We need to see, as Globalization and Health is doing so well, continuous communication and awareness raising, which supports the Movement for change. We need practical examples where these ideas are built into professional education, as envisaged by the Lancet Commission on the future of professional education [11]. We need to see better-organised exchanges between institutions and countries as is starting to happen in the UK [12]. It is also time to establish systematic ways to learn together across the world–and take advantage of the potential for doing so in low and middle-income countries where there is more scope for creativity and innovation and where there will be less resistance from institutions and vested interests. Rwanda is leading the way by setting out to create a learning health system and conducting what it calls “disciplined experiments”.

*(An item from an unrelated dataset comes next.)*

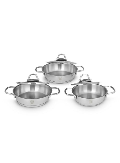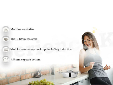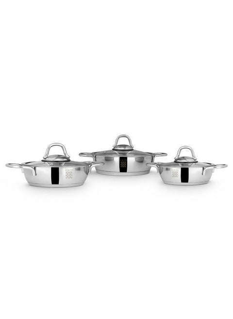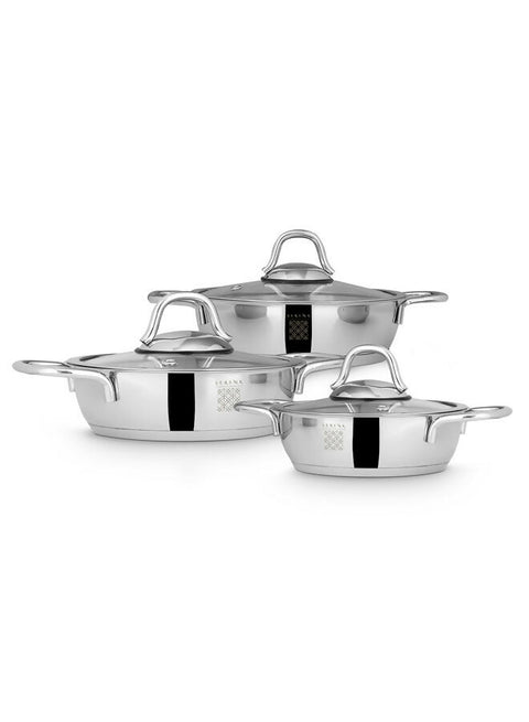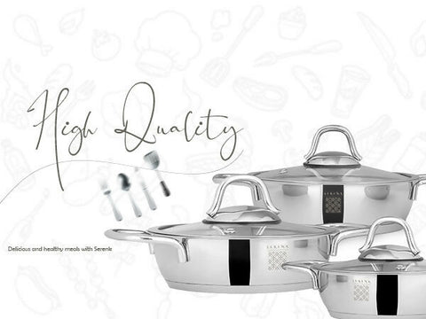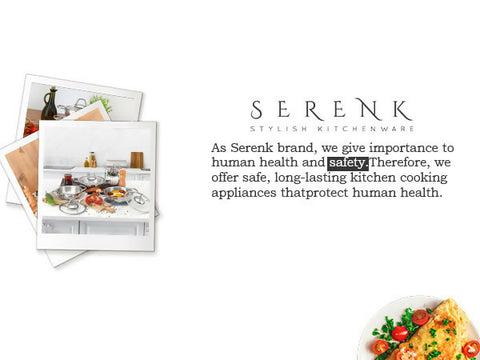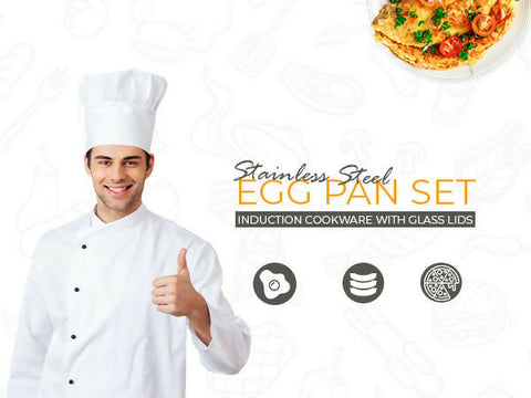 SERENK EGG PAN SET: Serenk egg pan is made from 18/10 stainless-steel which exceedingly resistant to scratches, staining and will maintain its performance for a lifetime. Besides being durable, stainless steel is healthy, does not contain any toxic material, and is suitable for contact with food.DIMENSIONS: 6 piece pan set includes 5", 6" and 7" omelette pan with tight-fitting glass lids. Please note: lids are counted as individual pieces. Tempered glass lids lock in true flavor and nutrients for tender, succulent dishes while the body-extension steel handles offer a safe and secure hold. CAPSULE BOTTOM PAN SET: This always pan has a flat cooking surface for efficient searing and sautéing. Extremely heat-responsive capsul bottom transfers heat and spreads it quickly and evenly, throughout the cookware, all the way to the rim.INDUCTION COOKWARE: Ideal for use on any cooktop, including induction.USE&CARE: Serenk pots and pans are dishwasher safe. Avoid using steel wool, steel scouring pads or harsh detergents. Stubborn food residue and stains can be removed with a nylon scrubbing pad and a fine-powdered cleanser.

Rwanda is working alongside colleagues from Harvard to share and develop this learning. In doing so it is acting as what I would call a “Global Learning Laboratory”. We need other such Laboratories where partners can support each other in learning lessons for the whole world. They need not all be in low and middle-income countries, of course, or be examples of reverse or frugal innovations. There are plenty of very interesting innovations taking place in other countries, including my own. The key point, however, is that they should be about creating local solutions and, simultaneously, drawing out the lessons for the whole world. They should not be examples of international development–where the west teaches the rest–but of co-development where we all learn and grow together.

Authors’ information

Nigel Crisp is an Independent member of the House of Lords where he co-chairs the All Party Parliamentary Group on Global Health. He is the former Chief Executive of the English National Health Service (NHS) and Permanent Secretary of the UK Department of Health. He is also the author of the book “Turning the World Upside Down–the Search for Global Health in the 21st century”.